Maarten Paes Bela Timnas Indonesia, Dunia Pers Korea Selatan: STY Berusaha Cetak Sejarah

Dunia Pers Korea Selatan terus memantau perkembangan sepak bola dalam Indonesia, khususnya tentang Timnas Indonesia . Terbaru, mereka turut mengomentari kedatangan Maarten Paes .

Dalam laporannya menyatakan bahwa bergabungnya Maarten Paes di dalam Timnas Indonesia menghasilkan skuad Shin Tae-yong semakin kuat. Ditambahkan, Shin Tae-yong akan berupaya keras menyebabkan Timnas Indonesia untuk kali pertama mentas pada Piala Dunia.

“Shin Tae-yong, yang dimaksud berjuang menyebabkan Indonesia ke Piala Planet untuk pertama kalinya pada sejarah, menjadi lebih lanjut kuat,” tulis Sports Chosun, Selasa (20/8/2024).

PSSI diketahui menghasilkan kabar mengejutkan dengan mengumumkan Maarten Paes bisa jadi membela Timnas Indonesia. Kiper FC Dallas itu melintasi proses yang dimaksud mampu dibilang cukup lama untuk sah membela Skuad Garuda.

Maarten sejatinya sudah ada berstatus sebagai Warga Negara Indonesia (WNI) sejak April 2024 lalu. Akan tetapi, pemain berusia 26 tahun itu belum bisa jadi membela Skuad Garuda sebab terkendala hambatan perpindahan federasi.

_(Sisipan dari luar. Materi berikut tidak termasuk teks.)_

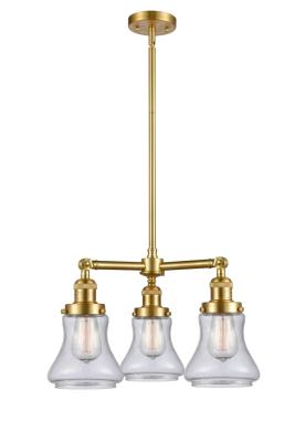 INNOVATIONS LIGHTING 207-SG-G194-LED Bellmont 3 Light Chandelier part of the Franklin Restoration Collection. The Bellmont 3 Light Chandelier is part of the Franklin Restoration Collection. Includes 1-6 and 2-12 inch Stems With Solid Brass 90 Degree Hang Straight Swivel for Sloped Ceilings. Solid Brass 90 Degree Hang Straight Swivel for Sloped Ceilings Included. Collection: Franklin Restoration. Material: Steel, Cast Brass, Glass. Metal Finish(Body): Satin Gold. Metal Finish(Canopy/Backplate): Satin Gold. Dimension(in): 18(W) x 13(H). Minimum Height (Fixture Height with Shade, Cord or Included Stems & Canopy)(in): 21.375. Max Height (Fixture Height with Cord or Included Stems & Canopy)(in): 45.375. Bulb: (3)3.5 Watt LED Vintage Medium Base Bulb Included,Dimmable. Color Temperature: 2700. Color Rendering Index(CRI): 82. Lumens): 350. Voltage: 120. Glass: Seedy Bellmont/Seeded. Shade Shape: Bell. Shade Material: Glass. Shade Size(in): 6 X 6.25. Shade Fitter Measurement: 3.25 inch Fitter. Canopy Dimension(in): 4.5 x 0.75. Includes 10 Feet of Wire. Solid Brass 90 Degree Hang Straight Swivel for Sloped Ceilings Included. UL/CUL Damp Rated. Warranty: 2 Year Finish, Lifetime Electrical.
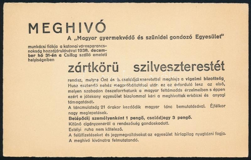 Leírás: 1938 A Magyar Gyermekvédő Egyesület meghívója Munkács város szilveszterestjére, a meghívó szövegében utalás a magyar feltámadás irredenta jellegére
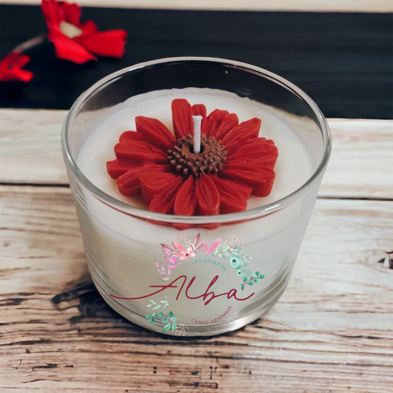Vela en vaso aromática de cera de soja personalizable en color y aroma tanto flor como vela. (El centro de la flor siempre será marrón)
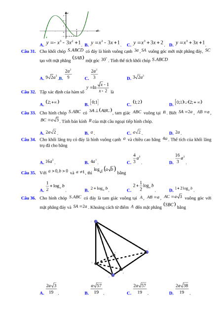 Câu 30. Đồ thị hình bên dưới là của hàm số nào trong 4 hàm số ở các đáp án A, B, C, D?

Maarten Paes bahkan harus melakukan proses persidangan Pengadilan Arbitrase Olahraga (CAS) terkait perpindahan federasinya dari KNVB ke PSSI. Sampai akhirnya, hasil sidang banding dalam CAS berbuah manis juga FIFA sudah menyetujui perpindahan federasinya.

Timnas Indonesia sendiri belum pernah tampil di area event Piala Dunia. Namun demikian, Indonesia pernah terhitung sekali tampil di dalam event yang dimaksud ketika masih menggunakan nama Hindia Belanda.

Tentunya, ini merupakan kesempatan emas bagi Timnas Indonesia untuk tampil dalam Piala Dunia. Saat ini, Timnas Indonesia sudah ada berhasil menembus putaran ketiga Kualifikasi Piala Planet 2026 Zona Asia.

Maarten Paes juga kolega akan tergabung sama-sama Arab Saudi, Australia, Bahrain, China, serta Negeri Sakura di area Grup C. Pada laga pertama, Timnas Indonesia akan bersua Arab Saudi di area King Abdullah Sports City, Jeddah, Arab Saudi pada 5 September 2024 mendatang.